BUT, when the word "diverging" is used, it means that it is increasing (decreasing) without bound which means diverging to infinity.
As for your example, this is PRECISELY the reason everything is proved in math. In sciences (including math) some of the results are "obvious" and intuitive. Others however are competely unintuitive and that is why we must prove if the series converges or not and if yes to what value.
I mean here is another example. The series 1/n seems like it would converge (because the individual terms) are strictly decreasing BUT the series does diverge.
There are other possibilities however. For example, the sequence sin(n). It is NOT divergin because it is bounded from above (+1) and below (-1) but as n goes to infinity, this sequence doesn't converge either because it is constantly oscillating.
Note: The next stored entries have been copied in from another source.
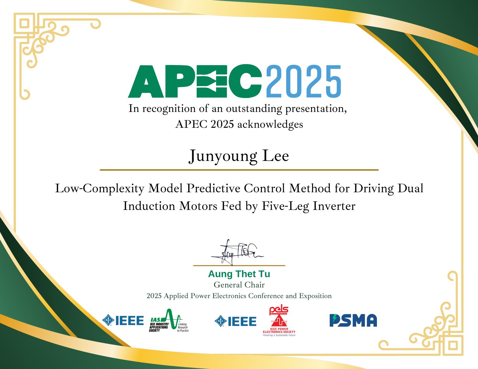 이준영 석사과정, APEC2025 Best TS Award 수상
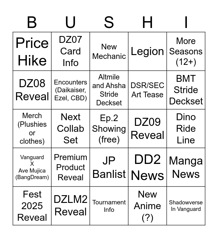 This bingo card has a free space and 24 words: Premium Product Reveal, DZLM2 Reveal, Altmile and Ahsha Stride Deckset, Fest 2025 Reveal, More Seasons (12+), Price Hike, DZ08 Reveal, DZ07 Card Info, DZ09 Reveal, JP Banlist, DSR/SEC Art Tease, Merch (Plushies or clothes), DD2 News, Manga News, Encounters (Daikaiser, Ezel, CBD), New Anime (?), Dino Ride Line, New Mechanic, BMT Stride Deckset, Next Collab Set, Shadowverse In Vanguard, Vanguard X Ave Mujica (BangDream), Legion and Tournament Info.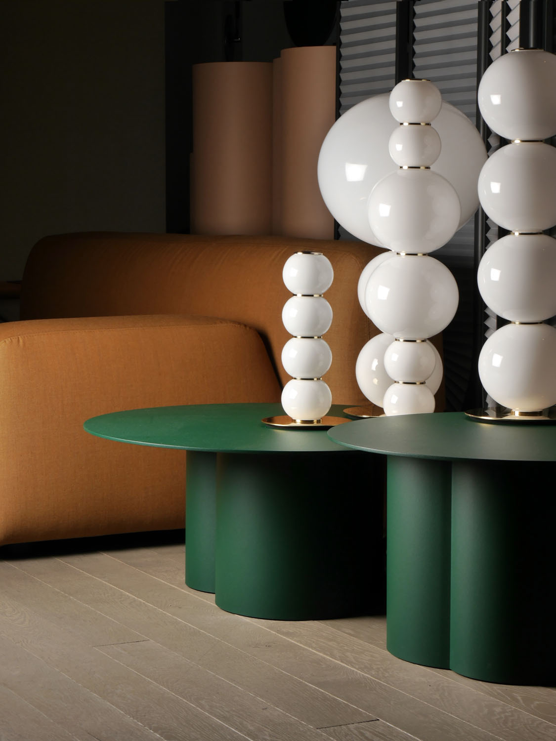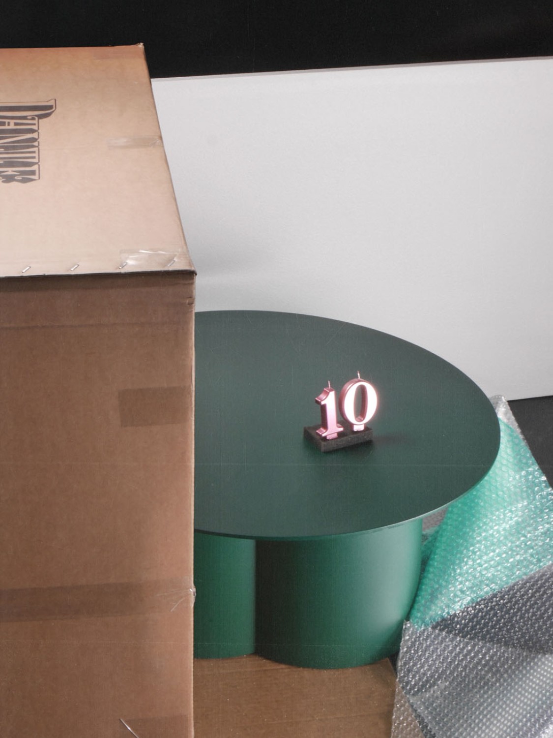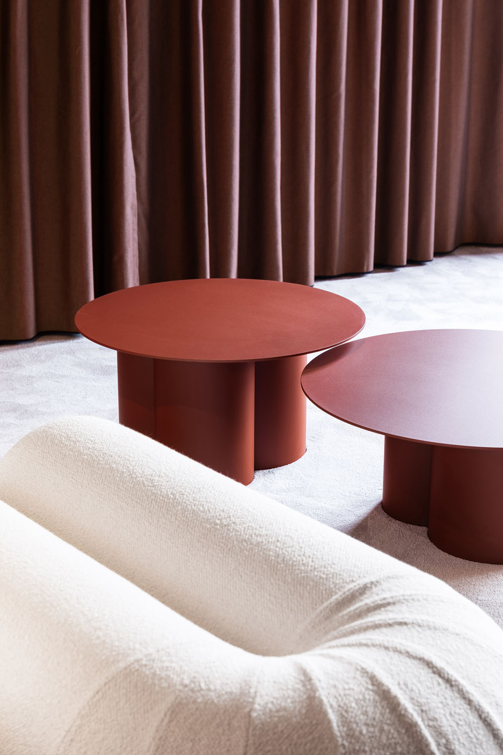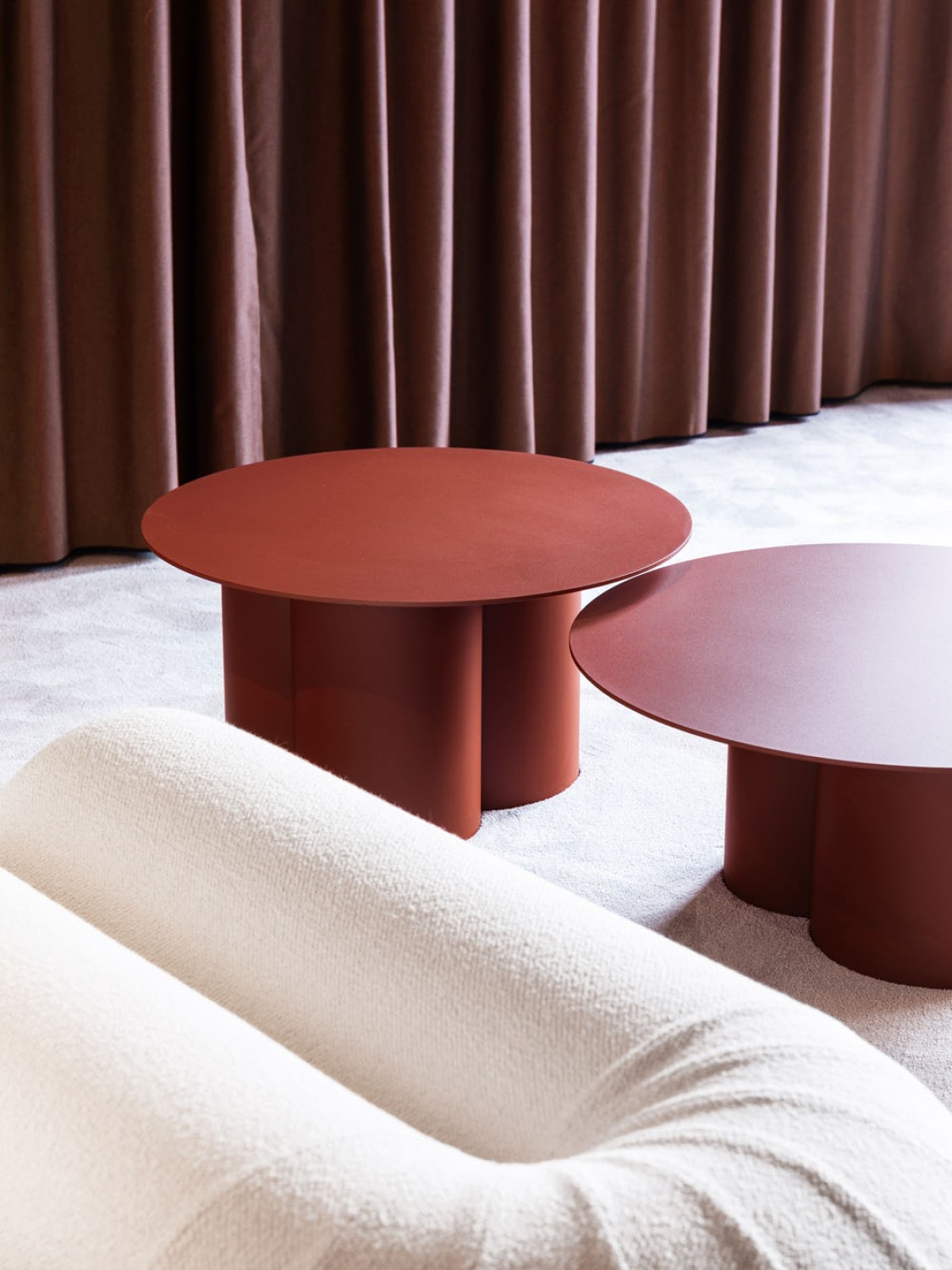 Rayons are a pair of low tables with different heights. The three overlapping radiuses of the base are set out to appear different from every perspective. Rayons explore the minimal variance needed to make a difference – those subtle changes which distinguish an individual from a series, here expressed in the supporting base.

Convergence and divergence are not the only possibilities. For the case of sin(n) above, we just say that the limit doesn't exist.
2006-09-16 08:03:53 · answer #3 · answered by The Prince 6 · 0⤊ 1⤋
You are getting a lot of wrong answers here. it is quite possible for a series to diverge but have the partial sums not go to infinity. just consider
sum (-1)^n.
This series has partial sums are 1,0,1,0,1,0...
which is a sequence that does not converge, so the series diverges. However, the partial sums do not go to infinity. Sorry Wilhelm, you are wrong here. The sum of sin(n) *diverges*.
In your example, when x=1, the series *does* converge and, in fact, it converges to ln(2). However, to *prove* this is not so easy. It does not follow from the usual versions of Taylor's theorem.
2006-09-16 08:29:25 · answer #4 · answered by mathematician 7 · 2⤊ 0⤋
Yes, a divergent series is defined as one that doesn't approach a finite number but goes on increasing in magnitude and approaching infinity.
Hence, all diverging series always diverge to + or -infinity
2006-09-16 07:05:36 · answer #5 · answered by Anonymous · 0⤊ 1⤋